Faisal Kuba, Akademisi STISNU Aceh dan Sekjen PB RTA Aceh. Foto: HO fot Komparatif.ID.

Ketika hendak melaksanakan salat berjamaah kita kerap menemui imam yang memimpin salat membaca bacaan terlalu cepat, atau terlalu panjang, lama atau bahkan terlalu pelan, lambat seolah-olah salat tidak akan pernah selesai. 

Kadang kita juga menemui pemandangan di mana imam hanya memakai baju kaos atau bercelana levis sementara makmum bergamis, berkain sarung dan rapi.

Fenomena di atas bertambah menjadi lebih asyik lagi ketika musim kampanye tiba, baik Pilkada, Pileg, ataupun Pilpres, kita tidak jarang menemui imam dengan baju partai kebanggaannya atau baju pasangan calon idolanya masing-masing. 

Terbaca jelas oleh makmum ketika bangkit dari ruku’: “Jangan lupa memilih saya, coblos nomor dua untuk perbaikan dan perubahan,” atau tulisan-tulisan dengan bahasa dan kearifan lokal seperti: Kali nyoe neutulong loen.
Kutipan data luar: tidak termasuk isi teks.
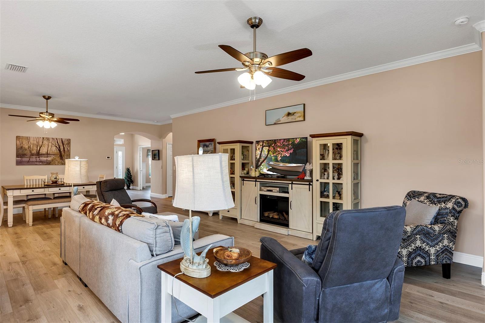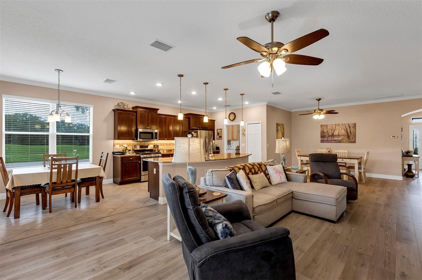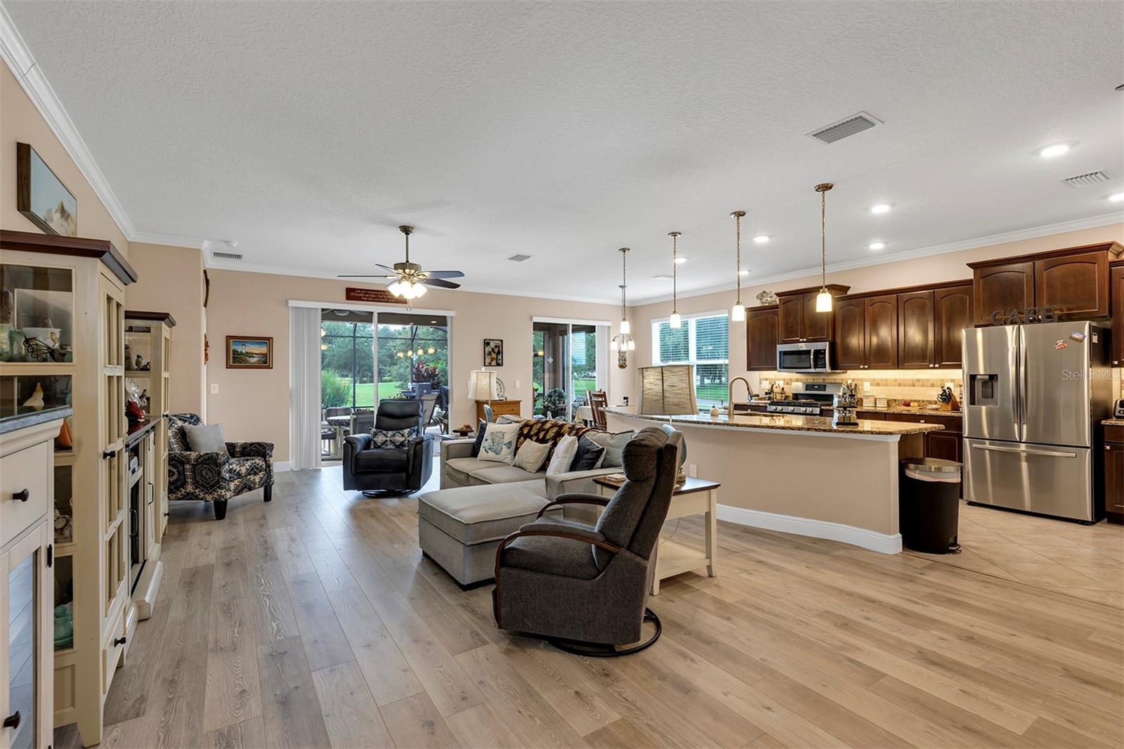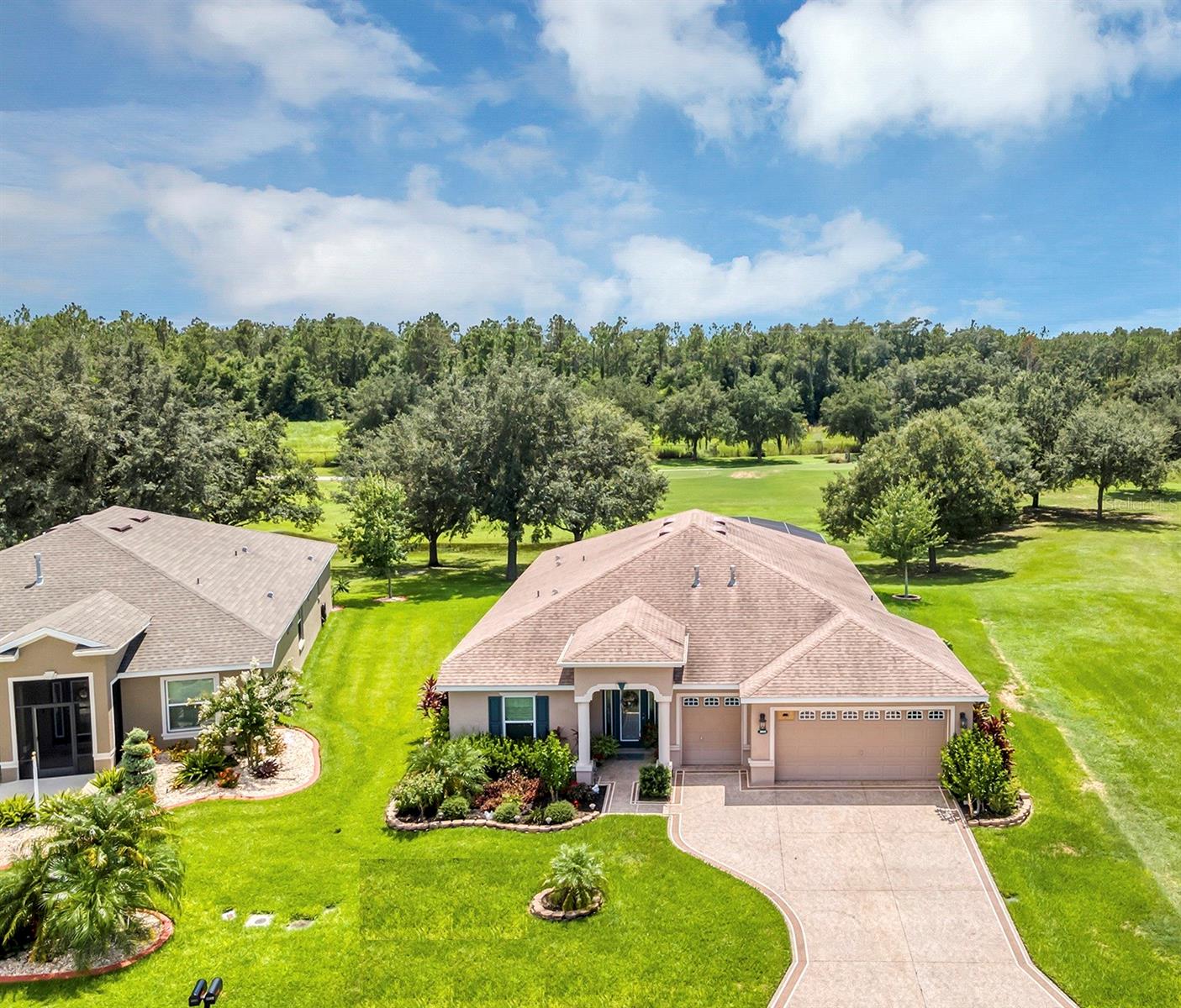 Affordable Golf-Front, Pool Home living in a Guard Gated Active Adult Golf Community. Discover a lifestyle of comfort and leisure you've waited for your whole life for in this charming golf-front, pool home located in the popular, high-demand Arlington Ridge Guard Gated Golf Community With a low HOA of $117 per month, Built in 2018, this 3 bedroom 2 bath 2,001 square foot home with 2 Car + Golf Cart Garages. Home boasts modern design and low-maintenance stucco construction, open-concept floor plan and 9 foot ceilings enhance the sense of space and inviting atmosphere and overlooks the golf course. This modern design has rounded corners on sheetrock, all hard low-maintenance flooring consisting of NO CARPET only tile and BRAND NEW! luxury vinyl plank flooring throughout the home. Kitchen is open to great room w/ high ceiling & crown molding and dining room are perfect for entertaining and features ample wood cabinetry, granite counters, Large Vanda style bowed island with bar-top and abundant natural light. The range and fridge are included. The master bedroom offers trayed ceiling a scenic view of the golf course and features an en-suite bath with dual vanities w/ granite tops, a walk-in Roman shower, walk-in closet, and a private water toilet closet. A 900+ s.f. screened lanai and hard to find private lot overlooking the golf course are perfect for entertaining or simply relaxing with room to add a year round outdoor kitchen. Watch your spouse and friends golf while enjoying your favorite drink. The backyard is private, no golfers in your backyard If you're looking for paradise, You've found it. Benefit from huge discounts on homeowner's insurance due to the home's high construction standards being built to wind code, high elevation for flood protection, and a low wind zone, also qualifying for additional insurance discounts. The low HOA of $117/month includes, Wi-Fi router for signal coverage throughout the home, 200+ cable TV channels, and 250-megabyte high-speed internet. Two DVRs are also included for recording your favorite shows which is all included in the low HOA of $117/month making this community even more affordable than nearby communities This sought-after community offers a range of amenities, including an 18-hole golf course where you can get a tee time year round, driving range, putting greens, lighted tennis and pickleball courts, heated swimming pools, hot tub, fitness facilities, billiards, a restaurant, tavern, and a free movie theater. The community is golf cart-friendly, with sidewalks for strolls and low-speed limit streets perfect for bicycling. Enjoy the convenience to grocery stores, restaurants, banks, and pharmacies within a 5-minute drive. Emergency services are just 10 minutes away, and a free boat ramp and fishing pier on a 15,000-acre lake are nearby. Community is 20 minutes from malls, restaurants, and a 12-screen movie theater, 45 minutes from Orlando, Major theme parks, and the airport, 90 minutes to Daytona Beach & Atlantic Ocean and Gulf of Mexico Clearwater SJS 2024©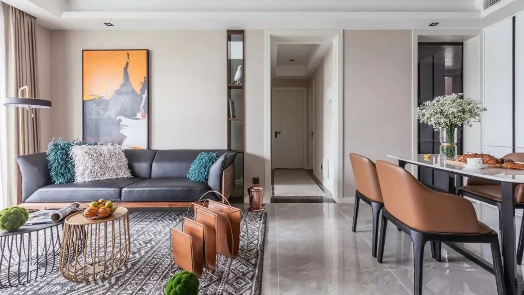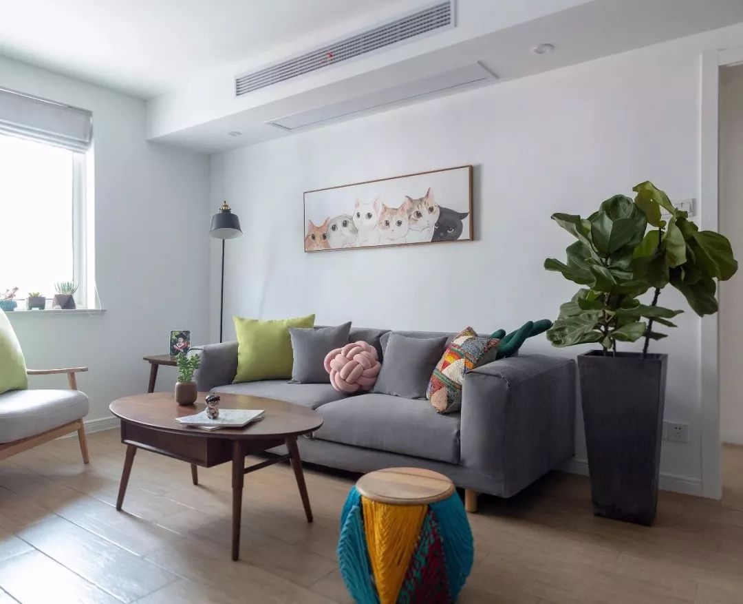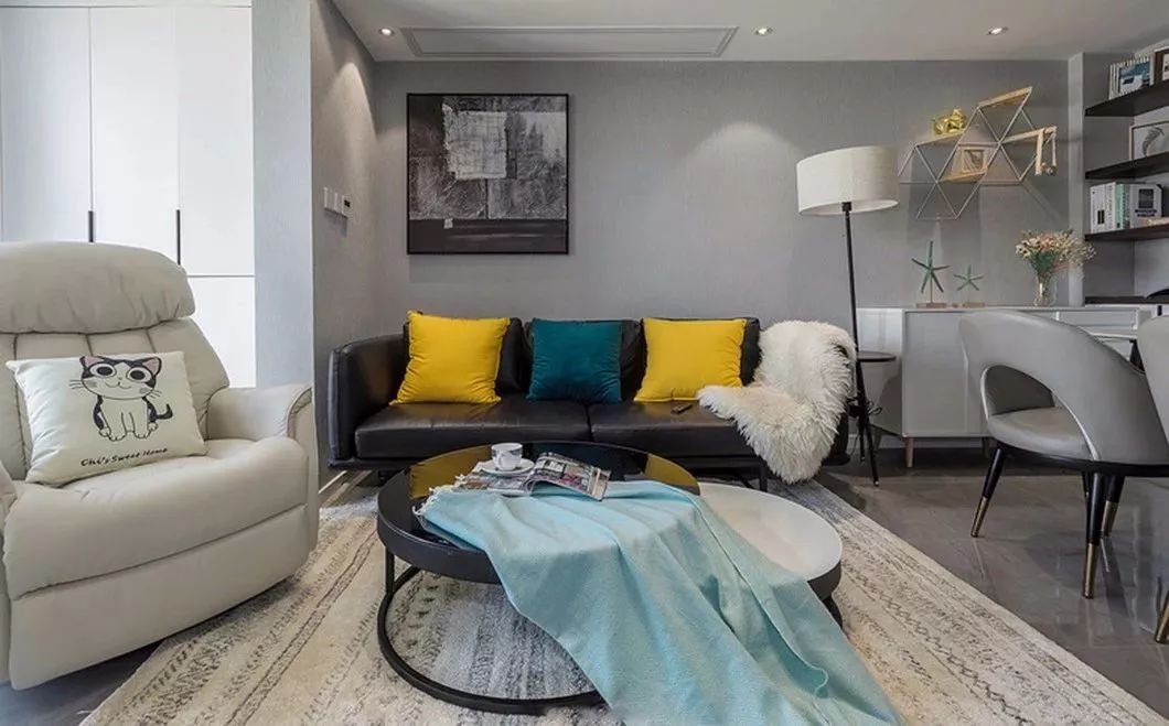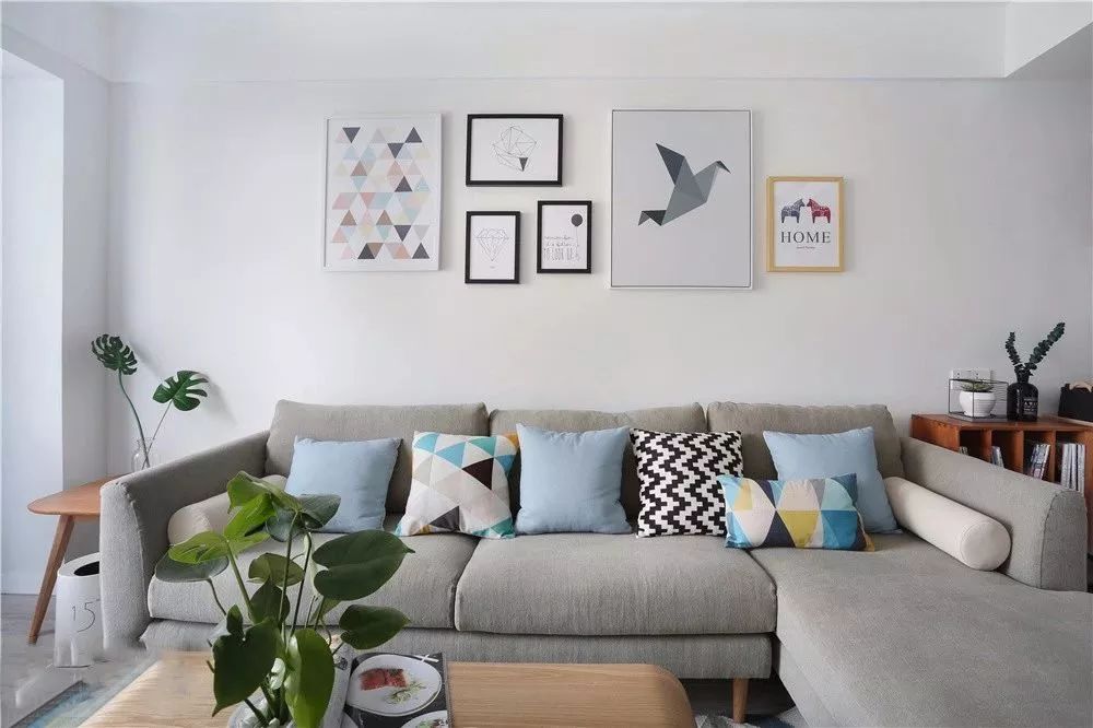 对于沙发背景墙面积不大的,可以选择摆放一幅比较大的挂画在墙面的一角,然后留空一部分的区域,营造出差异感,让客厅看起来更宽敞一些。

Dan lain-lain.

Lalu apakah kriteria dan siapakah sebenarnya yang berhak dan sah menjadi imam?

Imam adalah pemimpin (tertinggi) dalam salat berjamaah, tentu saja tidak boleh sembarang orang menjadi imam, sebab ada beberapa syarat menjadi imam yang harus dipenuhi dan dipatuhi. 

Munurut beberapa fuqaha (ahli fiqih), misalnya menurut Imam Al-Ghazali, beliau menyebutkan syarat-syarat menjadi imam antara lain: Islam, baligh, berakal sehat, paham syarat dan rukun salat, fasih membaca al-quran, menutup aurat (berpakaian rapi), laki-laki, atau boleh perempuan jika jamaah atau makmumnya hanya perempuan saja.

 Jika ditelaah lebih dalam, para fuqaha memang memasang ambang batas yang ketat untuk menjadi imam, sehingga sering kita jumpai, tidak sedikit orang alim menolak menjadi imam, sering terjadi tawar-menawar atau ‘dorong-mendorong’ diantara mereka untuk maju jadi imam, karena sejatinya, selain syarat-syarat yang disepakati di atas juga terdapat beberapa syarat lain, walaupun tidak semua ulama fiqih sepakat.

Baca juga: Rebutan Jadi Imam, Jamaah Masjid Al Muttaqun Baku Hantam

Misalnya, seorang imam harus dari nasab atau keturunan orang yang mulia, imam yang fisiknya sempurna lebih awla daripada imam yang disabilitas, atau imam harus didahului oleh mereka yang sudah menikah dari pada imam yang jomlo, jika pun sama-sama sudah menikah maka akan dilihat siapa yang memiliki istri yang lebih cantik paras wajahnya, harmonis keluarganya dan lain sebagainya.

Selain syarat-syarat yang disebut di atas juga, terlepas dari disepakati atau tidak, seorang imam juga harus adil, mampu menjaga atau minimal mempertimbangkan kenyamanan makmumnya. 

Kenyamanan makmum dalam salat ini juga bisa dihubungkan dengan lama atau tidaknya sang imam melakukan gerakan salat, tempo bacaan ayat;  tidak elok menjadi imam mereka yang murajaah, atau menyetor hafalan dalam salat. 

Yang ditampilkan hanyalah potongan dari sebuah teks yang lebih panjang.